MATERIAL FOR THIS EXERCISE:
- - - -

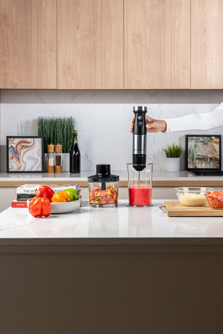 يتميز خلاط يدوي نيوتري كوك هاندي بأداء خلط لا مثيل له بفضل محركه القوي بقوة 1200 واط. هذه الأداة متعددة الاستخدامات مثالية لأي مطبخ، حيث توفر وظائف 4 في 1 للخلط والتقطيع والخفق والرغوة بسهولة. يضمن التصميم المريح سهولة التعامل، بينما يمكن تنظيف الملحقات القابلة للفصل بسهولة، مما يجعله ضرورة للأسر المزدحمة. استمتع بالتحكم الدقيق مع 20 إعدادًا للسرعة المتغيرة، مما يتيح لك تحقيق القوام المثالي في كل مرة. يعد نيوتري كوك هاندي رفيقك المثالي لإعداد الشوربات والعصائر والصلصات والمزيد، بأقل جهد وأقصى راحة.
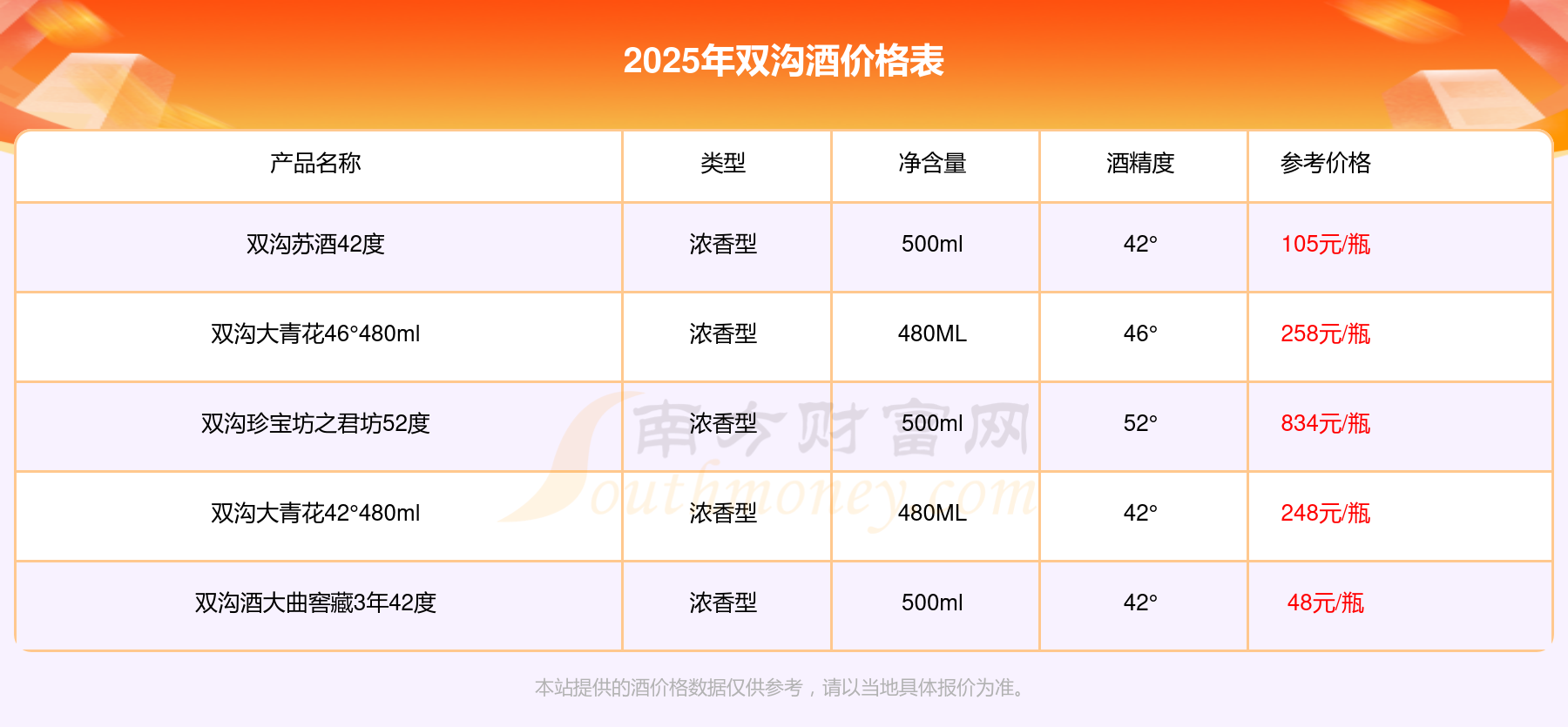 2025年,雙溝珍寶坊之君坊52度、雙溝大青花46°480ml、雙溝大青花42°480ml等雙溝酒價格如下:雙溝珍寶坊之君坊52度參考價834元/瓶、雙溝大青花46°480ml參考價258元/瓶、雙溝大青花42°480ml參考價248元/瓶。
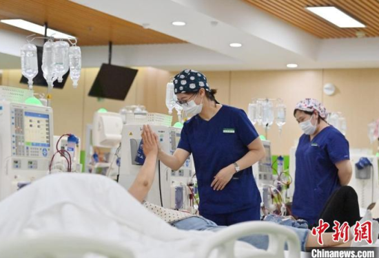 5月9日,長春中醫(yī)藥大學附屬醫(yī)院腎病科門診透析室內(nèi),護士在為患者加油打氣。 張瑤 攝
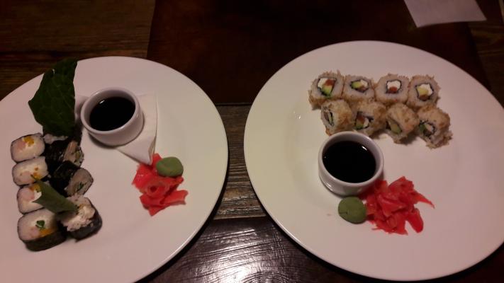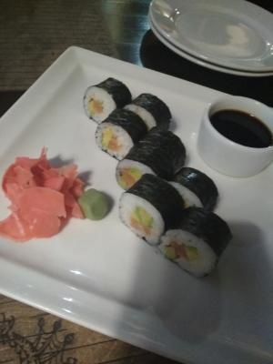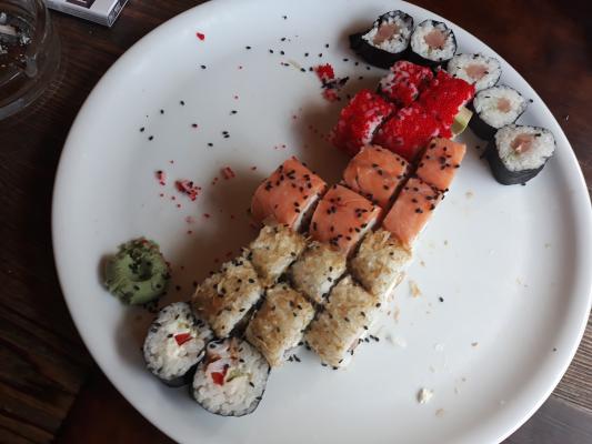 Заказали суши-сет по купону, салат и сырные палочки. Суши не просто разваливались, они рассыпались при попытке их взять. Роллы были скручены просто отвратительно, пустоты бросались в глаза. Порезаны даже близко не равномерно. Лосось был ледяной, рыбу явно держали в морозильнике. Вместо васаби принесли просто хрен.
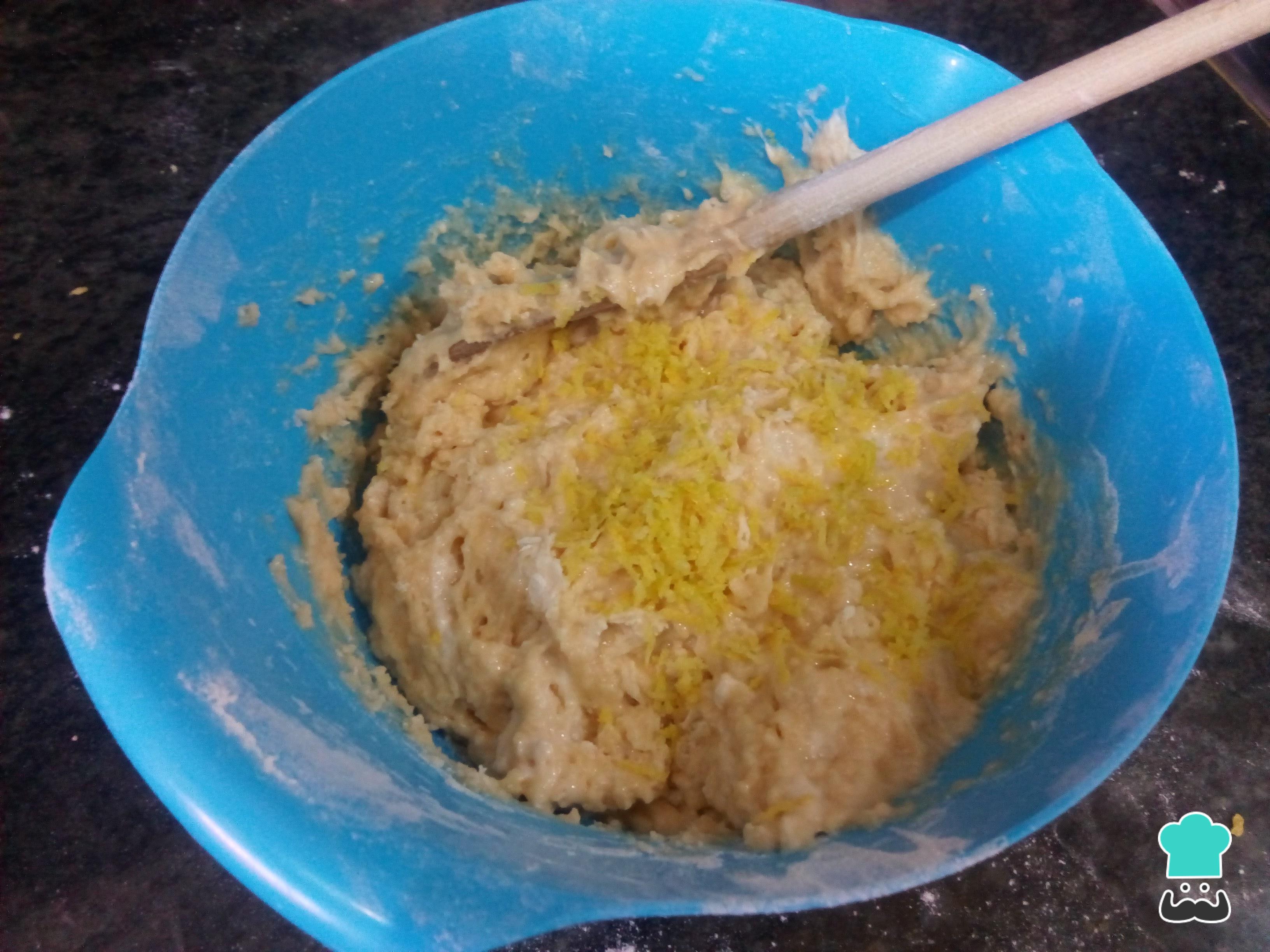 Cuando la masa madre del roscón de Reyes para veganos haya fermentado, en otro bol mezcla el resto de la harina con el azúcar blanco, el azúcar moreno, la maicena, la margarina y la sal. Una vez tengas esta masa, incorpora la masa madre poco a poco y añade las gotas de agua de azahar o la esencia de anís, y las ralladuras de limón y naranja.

- - - -

Word for word, repeat the lines above from the one with "2025年,雙溝珍寶坊之君坊" through the one with "5月9日,長春中醫(yī)藥大學附屬醫(yī)院腎病科門診透析室內(nèi),護士在為患者加油打氣。 張瑤 攝", and nothing beyond them. Omit the pictures.

WRITTEN SOLUTION:
 2025年,雙溝珍寶坊之君坊52度、雙溝大青花46°480ml、雙溝大青花42°480ml等雙溝酒價格如下:雙溝珍寶坊之君坊52度參考價834元/瓶、雙溝大青花46°480ml參考價258元/瓶、雙溝大青花42°480ml參考價248元/瓶。
 5月9日,長春中醫(yī)藥大學附屬醫(yī)院腎病科門診透析室內(nèi),護士在為患者加油打氣。 張瑤 攝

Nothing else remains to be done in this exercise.